The Wind-Up Bird Chronicle by Haruki Murakami
I'm going to be haunted by this book for some time and I don't know why. I'm not really sure what this book is about. I may not even know what really happens in the story but I keep thinking about it.
The Wind-Up Bird Chronicle by Haruki Murakami tells the story of Toru Okada who is looking for his wife's missing cat. But this is just a McGuffin, to borrow Hitchcock's term, to throw the reader off track from the real story. Or maybe it's the key to everything that happens afterwards.
Okada lives a rather secluded life in a Tokyo suburb with his wife who is the breadwinner. Okada spends his days trying to figure out how to spend his days. His search for himself is interrupted by three events, the missing cat, the disappearance of his wife, and a phone call from a strange woman.

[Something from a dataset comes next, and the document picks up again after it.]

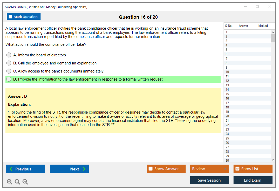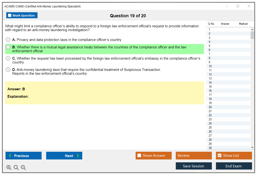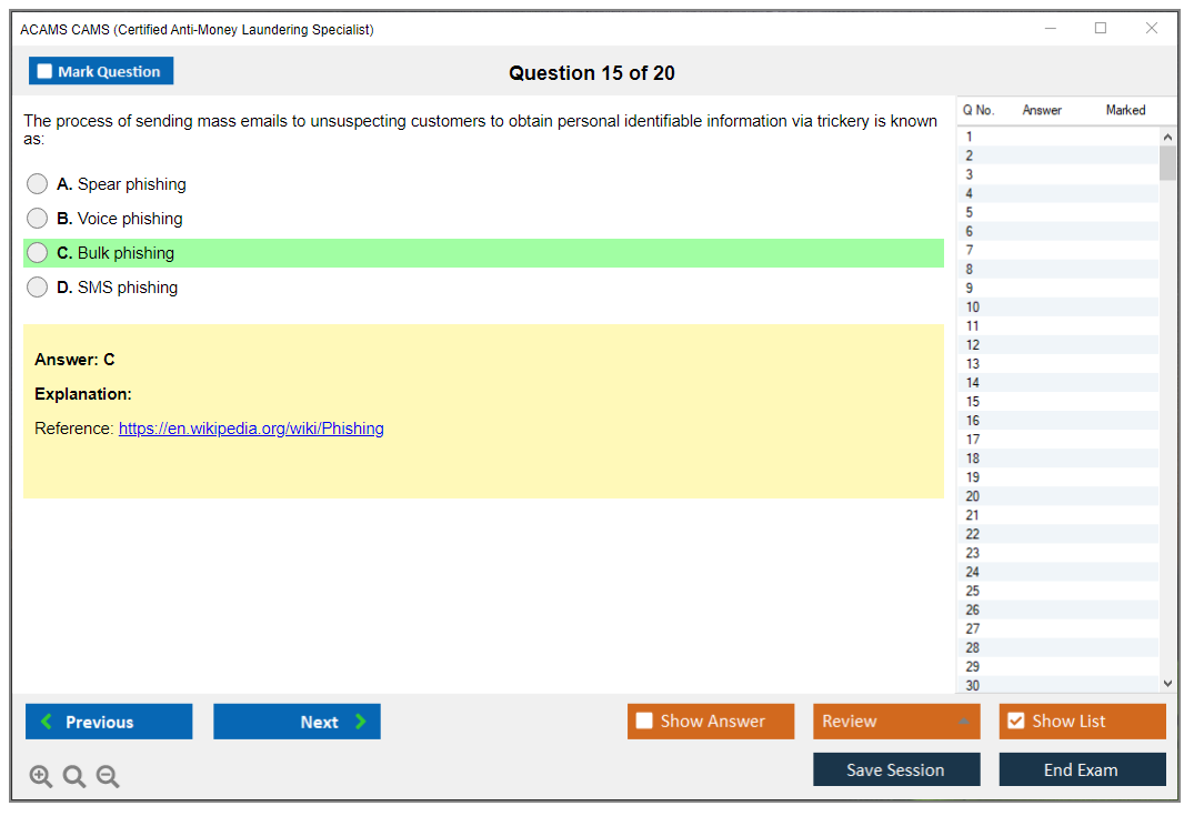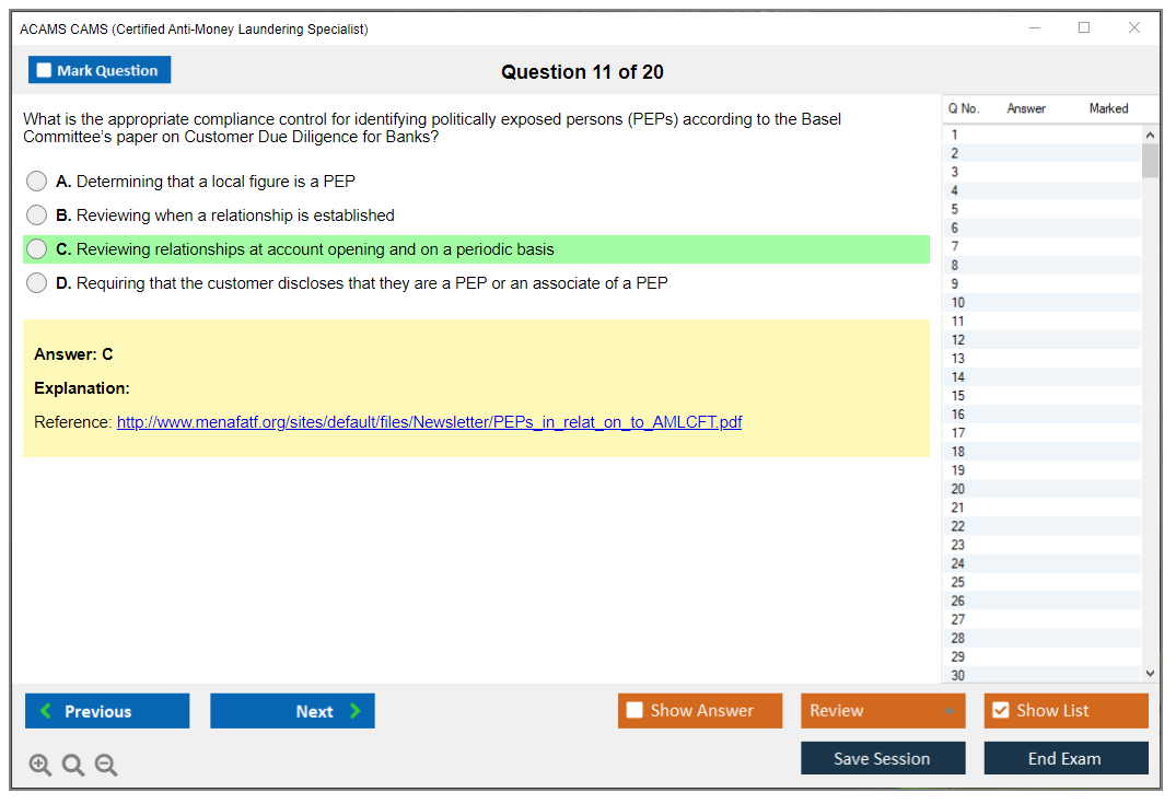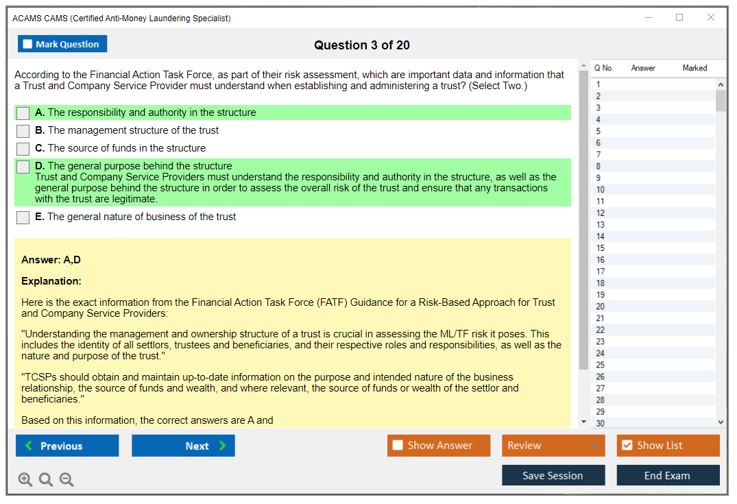 The ACAMS CAMS (Certified Anti-Money Laundering Specialist) Exam is a globally recognized certification for professionals in the anti-money laundering (AML) and financial crime prevention sectors. It validates expertise in AML detection, prevention, and enforcement.

The novel becomes a sort of detective story as Okada looks for the cat which he believes will help him get his wife to return and tries to figure out who the woman that keeps calling him is. Soon several women enter Okada's life and the story takes a turn towards David Lynch territory. The first woman, Malta Kano and her sister Creta Kano are both sort of psychics who give Okada clues to both his past and his future. They are strangely involved with both his wife and his brother-in-law, and may have the ability to find the missing cat. The mother-son team who Okada calls Nutmeg and Cinnamon find Okada has psychic abilities himself and use these to further their own goals. The neighbor girl May Kinsahara traps Okada in a well on a friendly whim and sets in motion a series of events that end with the possibility that Okada has murdered his brother-in-law, a powerful up-and-coming politician. All of these events seem to be connected to what happened to Okada's friend Mr. Honda in Manchuria during the Japanese occupation and after.
Confused? I certainly was at many points while reading The Wind-up Bird Chronicle but I felt compelled to continue reading. Haruki Marakami is certainly a wonderful story teller. In The Wind-up Bird Chronicle he keeps several story threads going throughout the novel, giving the reader just enough to keep you interested, without telling you what is really going on, which actually makes you more interested. Along with the story telling, there are many scenes and images that haunt the reader: a man who goes into a well to find a good spot to think and ends up trapped there for days, amassacre in a zoo in occupied China, an internet conversation between a man and what he believes is his lost wife.
I admit that I am still trying to figure it all out, puzzle it all together. I will be for several days at least. For that reason, I am giving The Wind-up Bird Chronicle by Haruki Murakami five out of five stars.